In this guest blog, Jane Whild – Parliament Project Peer Support Circle alumna, Women’s Equality Party (WEP) candidate for Milton Keynes Council, and National WEP Director for 50:50 Parliament’s #AskHerToStand campaign – reflects on #BalanceForBetter as the campaign theme for International Women’s Day 2019.
By Jane Whild
With the theme for International Women’s Day 2019 being #BalanceForBetter, we’re prompted to think about why equal (or balanced) representation matters – not only in general, but in politics in particular. Ultimately, people have many reasons, but for me it boils down to one: representation shapes policy. Policy that is considerate of women’s needs and perspectives is naturally more likely to be implemented by those with similar needs and perspectives, and it is this that drives my belief that balance is indeed for better.

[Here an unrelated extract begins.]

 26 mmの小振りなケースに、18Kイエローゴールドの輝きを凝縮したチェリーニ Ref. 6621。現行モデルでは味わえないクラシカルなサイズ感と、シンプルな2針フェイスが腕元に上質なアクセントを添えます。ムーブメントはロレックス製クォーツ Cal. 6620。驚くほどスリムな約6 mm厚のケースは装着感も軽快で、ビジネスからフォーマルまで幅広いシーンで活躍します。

This is also why I’m standing in my local council elections with the Women’s Equality Party this coming May, buttressed by a passion for doing politics differently. All too often, women's pathways to politics means they are mentored by men Councillors, including in the Milton Keynes context with which I’m most familiar. While this is to some extent expected given the gender imbalance that exists within all spheres of politics – and the outright scarcity of women in many contexts – this doesn’t mean we should accept it. Ultimately, this means that the existing interests, biases and structural inequalities are being “mentored in” to the next generation of women council leaders.

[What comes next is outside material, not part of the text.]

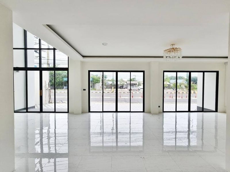 1st floor: Spacious double-volume duplex-style hall, kitchen area at the back.

So, what is my role to play? How can I contribute to #BalanceForBetter? All told, I believe we need diversity: when I look around, I see that the current systems are not working for everyone. Our Councillors and MPs need to reflect the diversity of the communities they represent in order to understand both their lived experiences and their needs. This representativeness isn’t solely based on gender, but also age, class, ethnicity, religion, sexuality, and so on. However, truthfully, many of the women who have made it to council chambers are of my age and ethnicity – clearly, we still have a long way to go.
In a recent article on LinkedIn, Zuzanna Ziomecka expresses concern about older women too perpetuating the status quo. She writes, "At the risk of sounding ageist, I think younger women have a better operating system for seeing and tackling inequality. Older women (I’m including myself in this) fought and gamed the system to make it to where we are. We’re formatted by work and culture in a way that biases us towards maneuvering around the system rather than rebuilding it.” She goes on: “Consider what that implies about older women mentoring down to young ones within organizations.” Of course, this isn’t a universal truth, and to say all young women entering politics have a mindset of rebuilding the existing system would be foolish. But it does seem fair to suggest that the same complacency that older women needed to embrace in order to enter male-dominated spaces years ago is exactly what we need to actively overhaul now if we want to enact real, tangible change.

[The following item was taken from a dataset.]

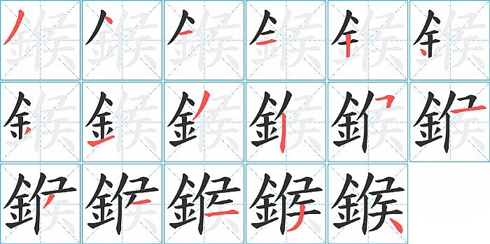 鍭是左右结构,鍭的部首是“釒”,部外笔画9画,总笔画17画,鍭的笔画顺序是“撇、点、横、横、竖、点、撇、提、撇、竖、横折、横、撇、横、横、撇、捺”。看看“鍭”字什么意思 >>

Sophie Walker called for more diversity and new leadership models when she stepped down as WEP leader. By standing for council in Milton Keynes’s May local elections, I am trailblazing for WEP in a context where they’ve never before had elected representatives. At the same time, I will remain mindful of how I can bring in others to increase the diversity in our Council Chamber to achieve #BalanceForBetter for women of all backgrounds. In this sense, for me, getting elected is only the first step.